We lawyers are sure that we win cases because of our great lawyering and lose them because of someone else’s bad facts or law. That’s often delusion, and proof of that came again yesterday in a soon-to-be-forgotten Establishment Clause case.
Here was how I summarized the case:
A neighbor sued under 1983, and the district court held that her Establishment Clause claim was barred because the statute of limitations began to run when the sign was posted. CA3 reversed, and for a reason not argued by the litigants: state statutes limitations do not apply to Establishment Clause claims challenging a still-existing display.
That holding won’t change the world, but what made the case interesting to me was this: the court rejected the appellant’s argument, but it reversed anyway based on an argument the appellant didn’t make. But if the lawyers didn’t come up with it, who did?
Maybe it was one of the judges, but my guess is that it was one of their clerks. Maybe it was a circuit staff attorney. Whoever it was, s/he has my respect. There are a lot of cases, a lot of meritless arguments, and a lot of lousy briefs to slog through. For clerks, it’s easier to just analyze the lawyer’s arguments, accept or reject them, and keep on moving. Going beyond the briefs — to get it right, even if the lawyers didn’t — is effort. It’s essentially invisible effort, justice for justice’s sake alone.

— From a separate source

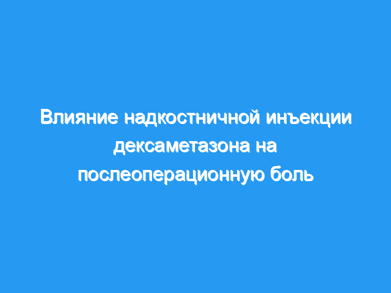 Однократная доза дексаметазона, инфильтрированная вокруг верхушки зуба с необратимым пульпитом, может быть эффективной для уменьшения или предотвращения послеоперационной эндодонтической боли в течение первых 24 часов.

Just last week I was critical of what I see as a bad mistake in a published CA3 case. “Buck-naked wrong,” said I. It’s a mistake that reflects badly on the court in general, in my view, but the clerks who missed it are the ones who are going to squirm. I was a clerk myself, and, well, I know of what I speak.
Circuit court clerks aren’t perfect, any more than judges or lawyers or nerdy bloggers. When they go the extra mile to get it right, it’s a reminder of the critical role they play.